▶ [Exercise prompt] Repeat the entries exactly but omit the pictures.

---

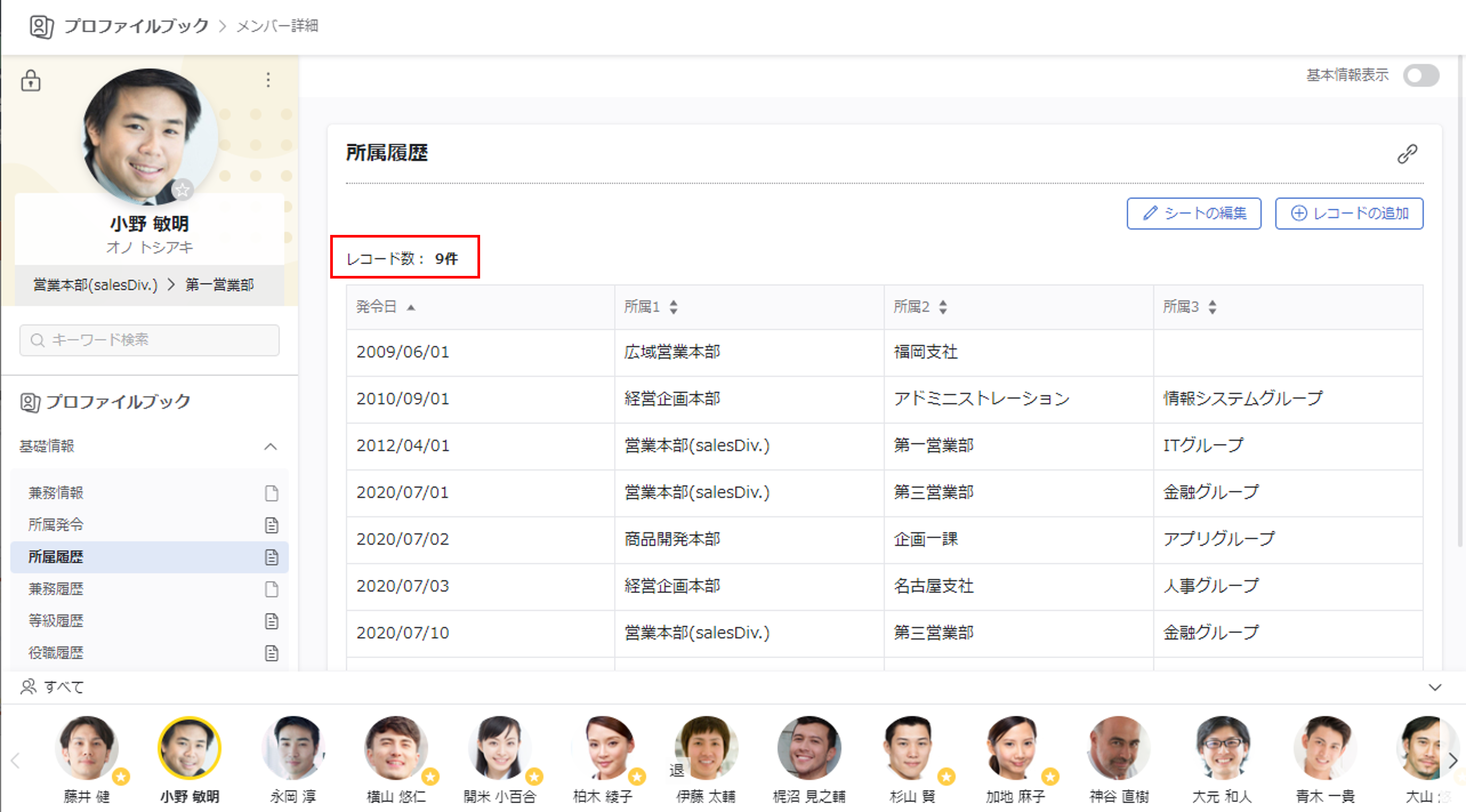 【メンバー詳細】複数レコードシートのレコード件数を表示する
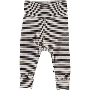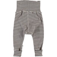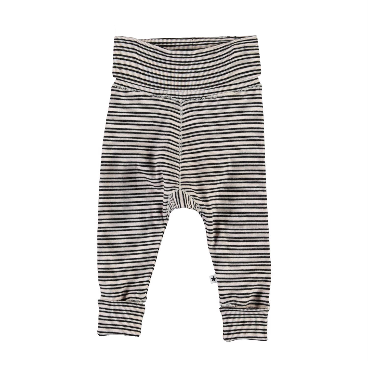 Sara är babybyxor i rosarandig ribb. Byxorna har bred resår i midjan, samt uppvik vid benen.
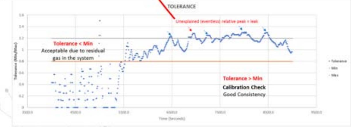 Percentage leak rate per total flow volume requires a prior calibration of the gas volumes. In the example in Figure X, the pressure drop corresponded to a given gas volume. Leak Volume $= 2.40 \, \text{m}^3$ or 84.7 scf of gas.
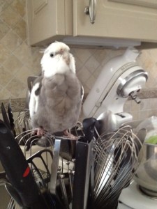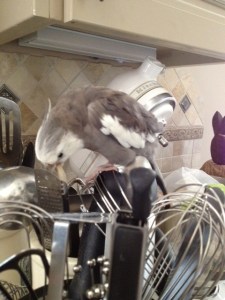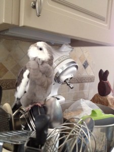 Because my mom’s kitchen so frequently produces delicacies that my avian eagerly anticipates, every so often a spontaneous quality control inspection is scheduled to be sure the facility is up to par.
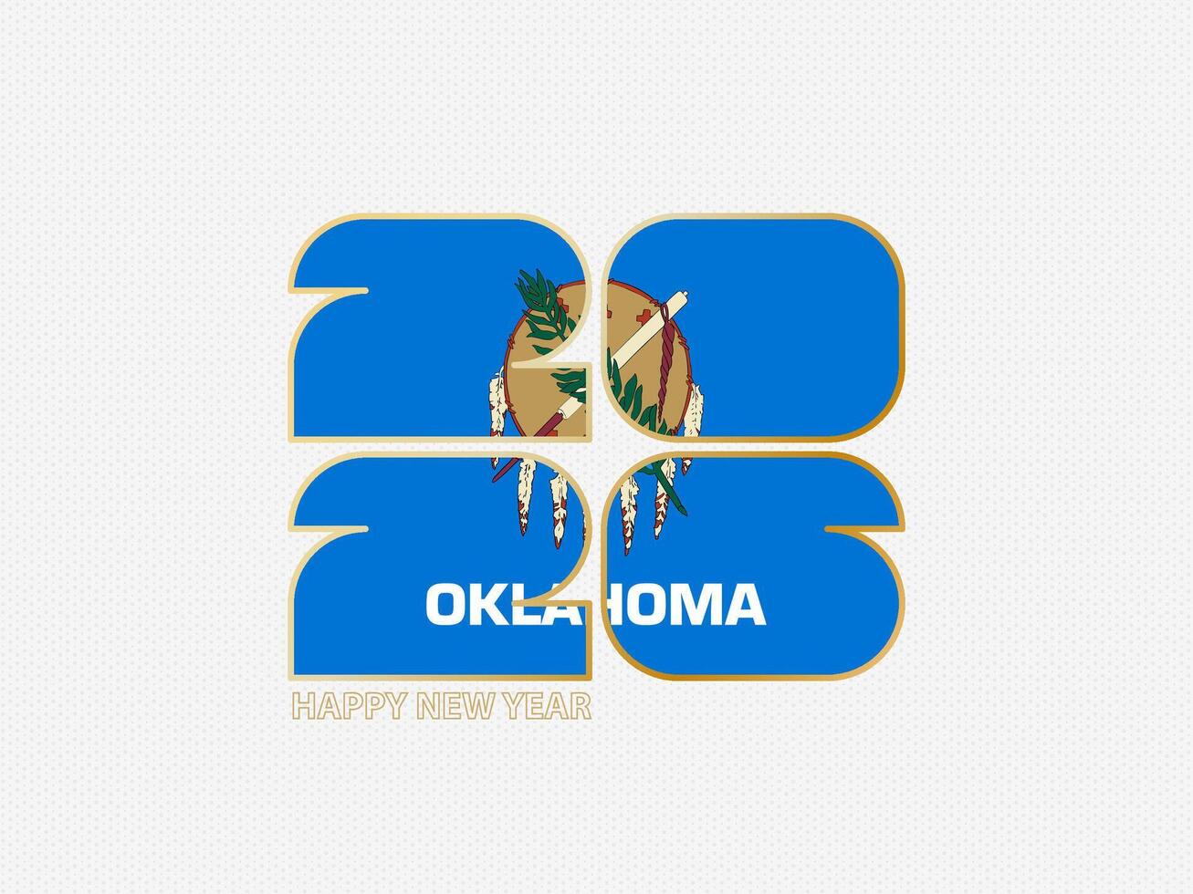 Abstract numbers 2026 with flag of Oklahoma. Pro Vector
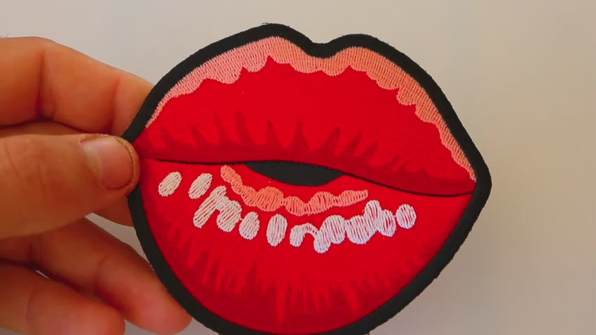 The Lips Blowing a Kiss Iron-On Patch is a flirty and fun addition to your collection. Measuring 3 x 2.5 inches, it features a pair of luscious red lips with a playful kiss blowing detail, embroidered with precision on a soft velvet backdrop.

---

▶ [Answer to the problem]
 【メンバー詳細】複数レコードシートのレコード件数を表示する
 Sara är babybyxor i rosarandig ribb. Byxorna har bred resår i midjan, samt uppvik vid benen.
 Percentage leak rate per total flow volume requires a prior calibration of the gas volumes. In the example in Figure X, the pressure drop corresponded to a given gas volume. Leak Volume $= 2.40 \, \text{m}^3$ or 84.7 scf of gas.
 Because my mom’s kitchen so frequently produces delicacies that my avian eagerly anticipates, every so often a spontaneous quality control inspection is scheduled to be sure the facility is up to par.
 Abstract numbers 2026 with flag of Oklahoma. Pro Vector
 The Lips Blowing a Kiss Iron-On Patch is a flirty and fun addition to your collection. Measuring 3 x 2.5 inches, it features a pair of luscious red lips with a playful kiss blowing detail, embroidered with precision on a soft velvet backdrop.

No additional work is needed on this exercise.